His attendance record at college was not the best, but he was still on site, hidden away in an office in the union building writing reviews for the arts pages of the college newspaper, having discovered that not only could he do this, but it was also a good way to get to see films for free — and before they came out. He sat looking at his first byline — Nicholas Cross — so hard and with such intense excitement that he was surprised the paper didn’t ignite in his hands.
He arranged to see his father, who was now living above a shop in Camden Town. They didn’t meet there, but on the South Bank in the coffee bar of the National Film Theatre. Ray looked at the newspaper his son handed over and he felt almost intoxicated with pride, but also humble as he knew he could take no credit for his son’s accomplishments. He was grateful beyond words, however, that it was important to Nicholas to show him what he had done.
‘And — Dad,’ Nicholas said, becoming increasingly — surprisingly — comfortable with the nomenclature as he got older, ‘I’ve met a girl. Liz, a medical student.’
‘That’s great, Nicholas. Tell me all about her,’ Ray said, beaming. ‘I mean, if you want.’
Nicholas’ failure to turn up at college — for German lectures in particular — started to become a problem. He knew he should have done single honours French, but he’d wanted to impress his grandparents, wanted to pay them back, and foolishly opted for combined honours. His German was poor but he had a plan, to read all the set texts in English translation. Kleist, Kafka, Schiller, Böll — this stuff was relatively easy to get hold of. But the Goethe, surprisingly, was not available, and to make matters very much fucking worse, it was not available in roman script in German either, only in Gothic type.
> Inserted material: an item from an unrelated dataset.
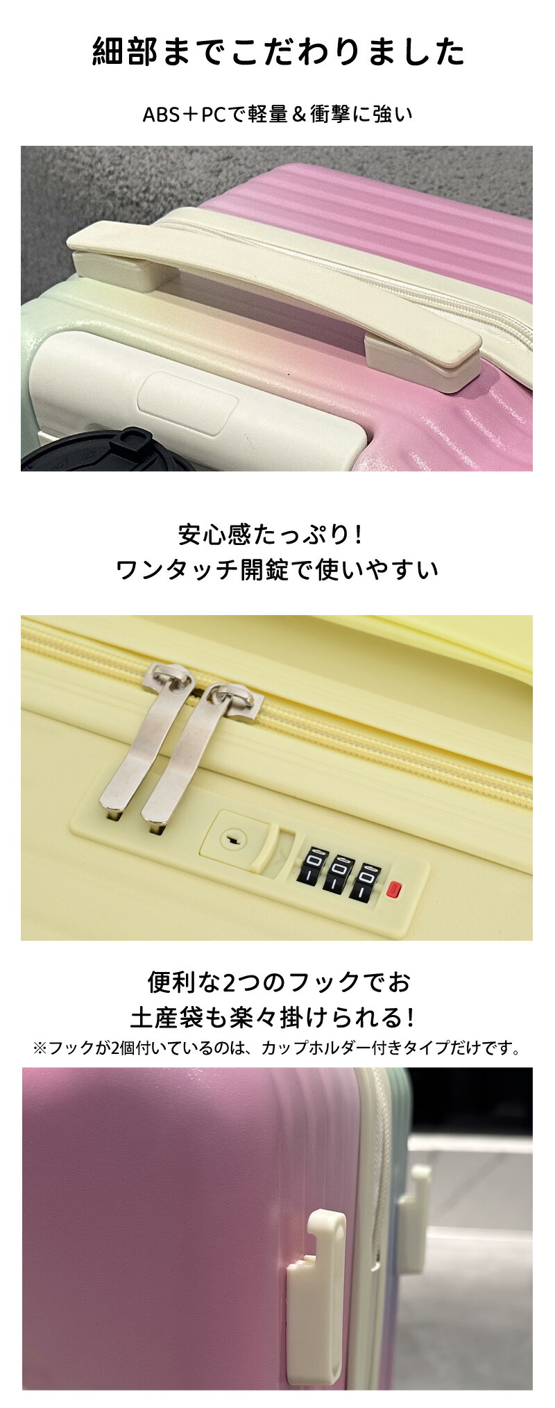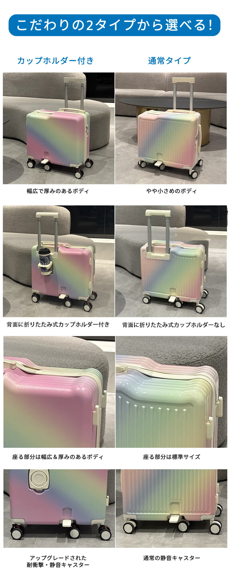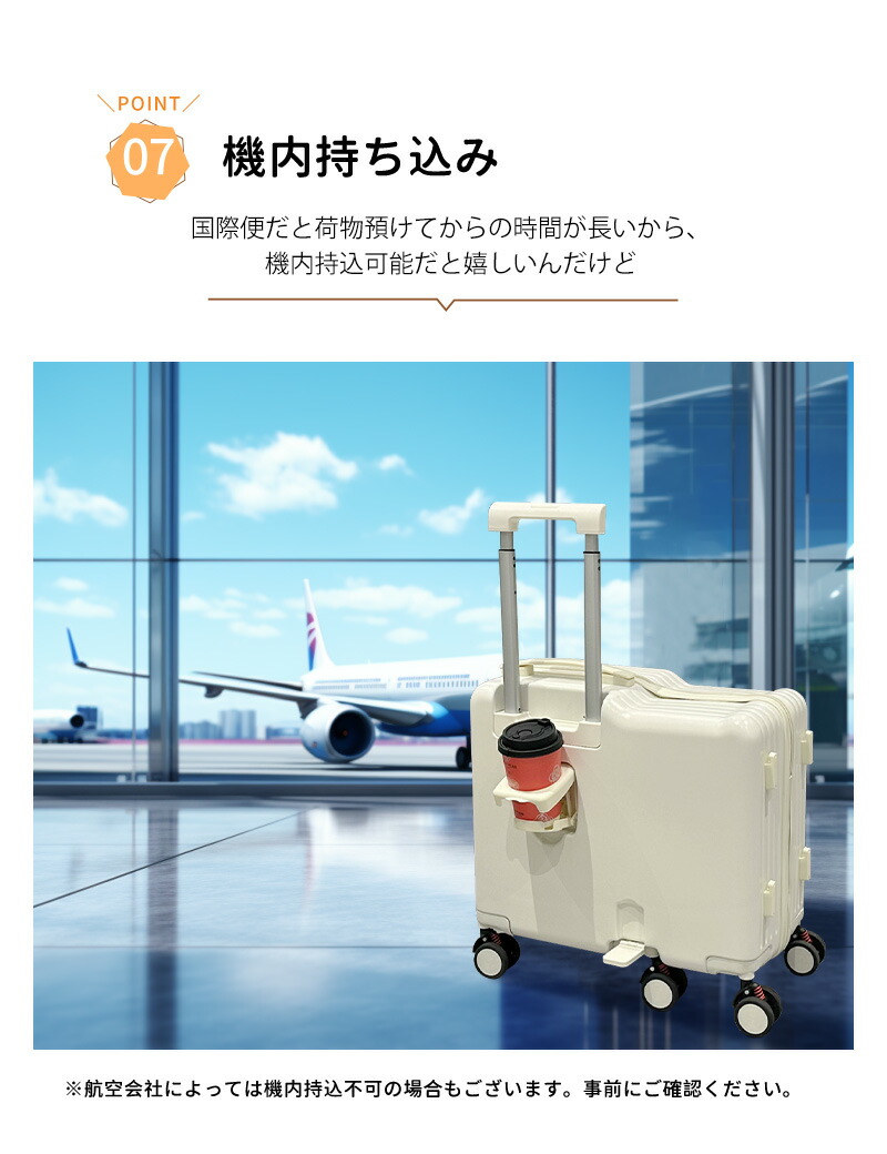 機内持ち込みサイズ対応で、フライト中も安心。ABS+PC素材で軽量&耐衝撃性に優れ、ワンタッチ開錠で使いやすい。タイプによってはカップホルダーやスマホスタンド付きでさらに便利。

He sat in his room one evening — the night before an essay deadline — trying to ignore the competing sounds of music playing in neighbouring bedrooms. The book lay open on his desk under the lamp. He stared at the bold, angular, spiky letters. The page looked like it had been created by someone in a secure ward with an italic fountain pen that was leaking ink. It might as well have been Arabic or Mandarin.
Maybe a drink would help?
He went down to the bar and stared at the range of drinks on offer. He was not a big drinker; he’d never really had the opportunity. The girl before him, a dental student from Guy’s, ordered a vodka and orange. He asked for the same, but the orange failed to mask the taste of the vodka, which was like some kind of foul-tasting blunt horn trying to force its way down his throat. He tried a gin and tonic. How could something utterly colourless taste so sharp and unpleasant? A vodka and grapefruit worked a little better and a gin and lime — with lots of lime — seemed to be the answer. It was important to have enough lime to hide the taste of the gin completely. You needed enough lime that it — the lime cordial itself — caught the back of your throat and made you cough.